The data on the content of IP6 in dough were expressed per wet weight (i. e. the dry content is higher), and even at the end of the fermentation it exceeds iron inhibitory levels. The reduction in IP6 taking place during dough fermentation with commercial baker's strains has been shown to be almost exclusively due to plant phytases present in the flour. A constitutively expressing yeast strain is desirable.

It has further been demonstrated herein an apparent preference for IP6 over pNPP when these were given together. In Nayaini et al. , Nayini et al. (1984) The phytase of yeast. Lebensm. Wiss. u-Technol. 17,24-26. yeast phytase and phosphatase were purified from a total biomass extraction of a Baker's yeast cake. The distinction between phytase (which is a phosphatase, for which one of the substrates is phytate) and phosphatase activity was that a phosphatase was able to hydrolyze alpha-glycerophosphate but unable to hydrolyze IP6. The purified phytase was assessed for substrate specific activity using 11 different phosphorous sources. Phenyl-phosphate was one of these and the specific activity with this substrate was 40 times higher than for IP6. The data set forth above,

shows virtually no degradation of pNPP until IP6 is depleted. Even at six times higher pNPP concentration the data indicate an inhibition of pNPP hydrolysis by IP6. Although the yeast phytase is not one single enzyme the activity was shown to be very precise in regard to the position on the inositol ring to be hydrolyzed, consistent with previous data on one commercial baker's strain, Turk et al. (2000) Inositol hexaphosphate hydrolysis by baker's yeast. Capacity, kinetics, and degradation products. J. Agric. Food Chem. 48, 100-104. This specificity, the so-called 3-phytase activity, was true for all yeasts tested, including such different wild isolates of S. cerevisiae including those from fish intestine and clinical isolates of human pathogens, as well as for all deletion strains. Accordingly, the modified strains can be used to efficiently produce highly specific isomers of lower inositol phosphates.

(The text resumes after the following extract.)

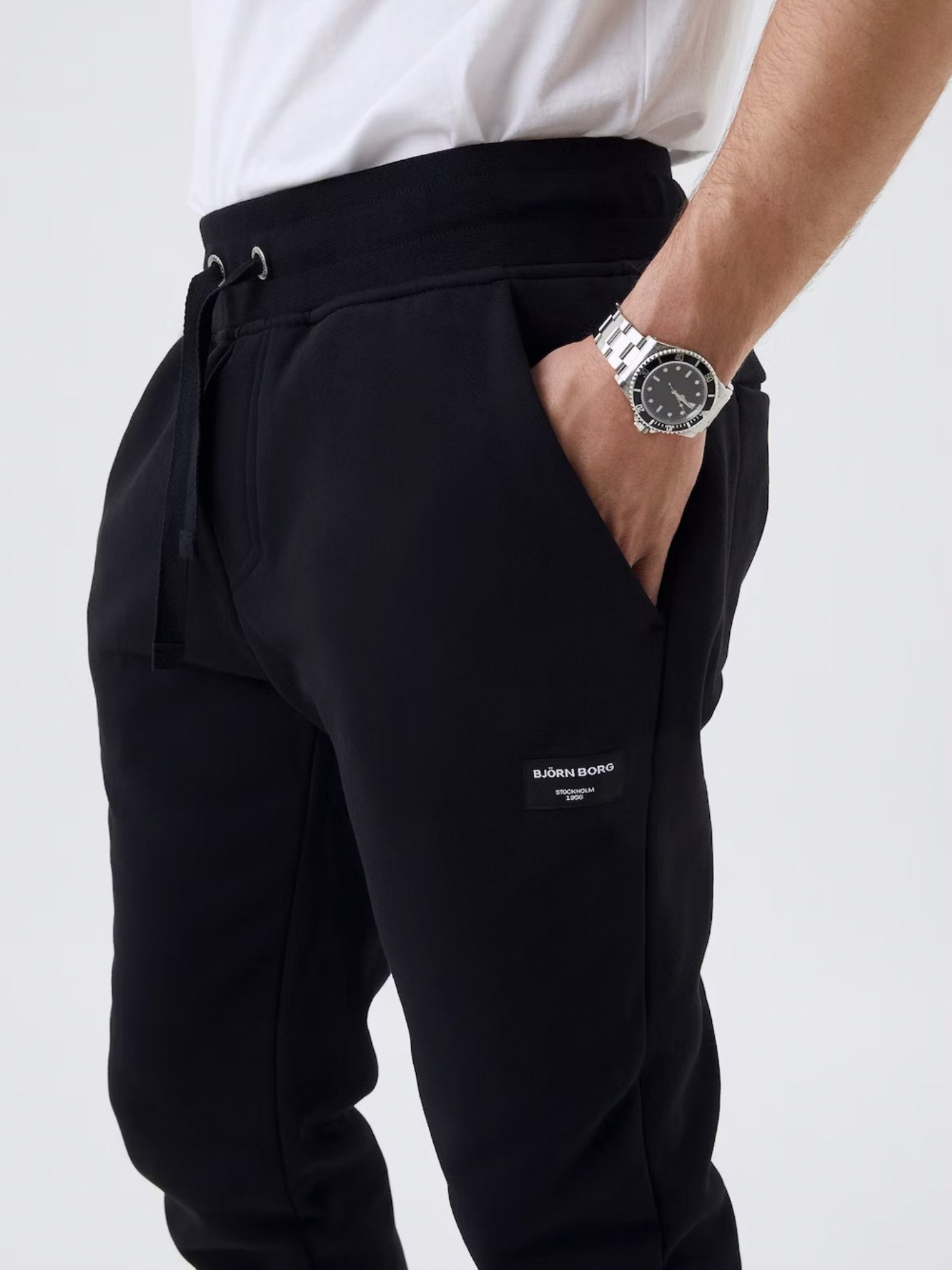 Björn Borg Centre Tapered Pants Man har något smalare ben för en mer dressad look och härlig borstad fleece på insidan. Ribbade muddar i midjan och resår på insidan tillsammans med praktiska sidofickor fram och två fickor bak ger smidig komfort. Midjan går enkelt att justera med dragsnöret i midjan.

In addition to the Saccharomyces phytase work we are screening non- Saccharomyces yeasts for the possibility of finding novel enzymes with desirable properties. Tested species are primarily from tropical-and cactus origin. Desired properties are high temperature optimum and/or a specificity yielding different isomers as compared with S. cerevisiae. So far, all tested species and strains have shown phytase activity. However, biochemical properties of the different enzymes have not yet been examined.

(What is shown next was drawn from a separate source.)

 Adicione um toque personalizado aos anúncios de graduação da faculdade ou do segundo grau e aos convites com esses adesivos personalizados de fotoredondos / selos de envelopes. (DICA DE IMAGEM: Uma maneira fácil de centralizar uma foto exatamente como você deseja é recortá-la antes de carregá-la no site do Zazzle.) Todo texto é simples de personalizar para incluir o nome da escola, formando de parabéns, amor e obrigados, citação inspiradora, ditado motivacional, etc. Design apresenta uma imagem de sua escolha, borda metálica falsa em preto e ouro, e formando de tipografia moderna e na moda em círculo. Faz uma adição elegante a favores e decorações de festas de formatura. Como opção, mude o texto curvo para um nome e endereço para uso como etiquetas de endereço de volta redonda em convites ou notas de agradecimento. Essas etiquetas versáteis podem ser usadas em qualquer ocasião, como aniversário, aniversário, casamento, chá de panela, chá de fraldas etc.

In addition to S. cerevisiae, other yeast species that are capable of expressing phytase can be transformed to exhibit increased phytase activity.

Although the present invention has been shown and described with respect to several preferred embodiments thereof, various changes, omissions and additions to the form and detail thereof, may be made therein, without departing from the spirit and scope of the invention.